8. Tanda petik tunggal (‘_’)


Tanda petik tunggal mengapit terjemahan atau penjelasan kata atau ungkapan asing.
Misalnya:
Lailtul Qadar ‘malam bernilai’

9. Tanda Elipsis (…)


a. Tanda elipsis dipakai dalam kalimat yang terputus-putus
Misalnya:
Kalau begitu …ya, marilah kita bergerak.
b. Tanda elipsis menunjukkan bahwa dalam suatu kalimat atau naskah ada bagian yang
dihilangkan.
Misalnya:
Sebab-sebab kemerosotan …akan diteliti lebih lanjut.
10. Tanda Tanya (?)
a. Tanda Tanya dipakai pada akhir kalimat tanya.
b.
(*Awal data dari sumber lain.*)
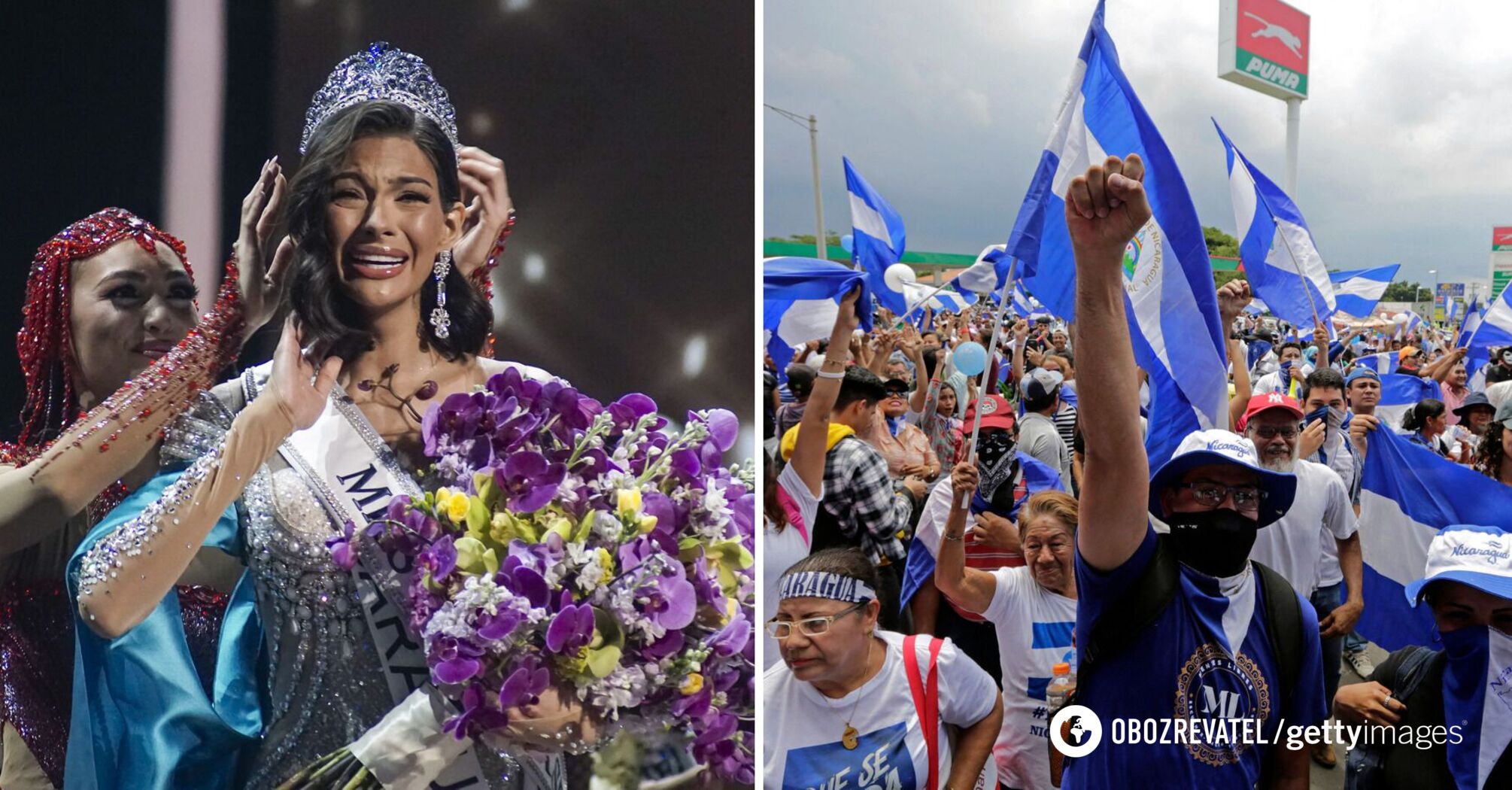 Some Nicaraguans took advantage of a fellow citizen's victory in a beauty pageant to celebrate in the streets with blue and white flags indicating the opposition movement. This did not sit well with the current government.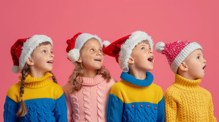 Group of happy children wearing Santa hats and festive sweaters against a vibrant pink background.

Tanda Tanya dipakai di dalam tanda kurung untuk menyatakan bagian kalimat yang
disangsikan atau yang kurang dapat dibuktikan kebenarannya. Misalnya:
- Ia dilahirkan pada tahun 1683 (?)
- Uangnya sebanyak 10 juta rupiah (?) hilang.

11. Tanda Seru (!)


Tanda seru dipakai sesudah ungkapan atau pernyataan yang berupa seruan atau perintah
yang menggambarkan kesungguhan, ketidakpercayaan ataupun rasa emosi yang kuat.
Misalnya:
1) Alangkah seramnya peristiwa itu! 2) Bersihkan kamar itu sekarang juga!

12. Tanda Kurung ((…))


a. Tanda kurung yang mengapit tambahan keterangan atau penjelasan.
b. Tanda kurung yang mengapit tambahan keterangan atau penjelasan yang bukan
bagian integral pokok pembicaraan.

13. Tanda Kurung Siku ([...])


a. Tanda kurung siku mengapit huruf, kata atau kelompok kata sebagai koreksi atau
tambahan pada kalimat atau bagian kalimat yang ditulis orang lain. Tanda itu
menyatakan bahwa kesalahan atau kekurangan itu memang terdapat di dalam naskah
asli.
b. Tanda kurung siku mengapit keterangan dalam kalimat penjelas yang sudah bertanda
kurung.

14. Tanda Garis Miring ( / )


Tanda garis miring dipakai didalam nomor surat dan nomor pada alamat dan penandaan
masa satu tahun yang terbagi dalam dua tahun takwim.

15. Tanda Penyingkat atau Apostrof ( ‘ )


Tanda penyingkat menunjukkan penghilangan bagian kata atau bagian angka tahun.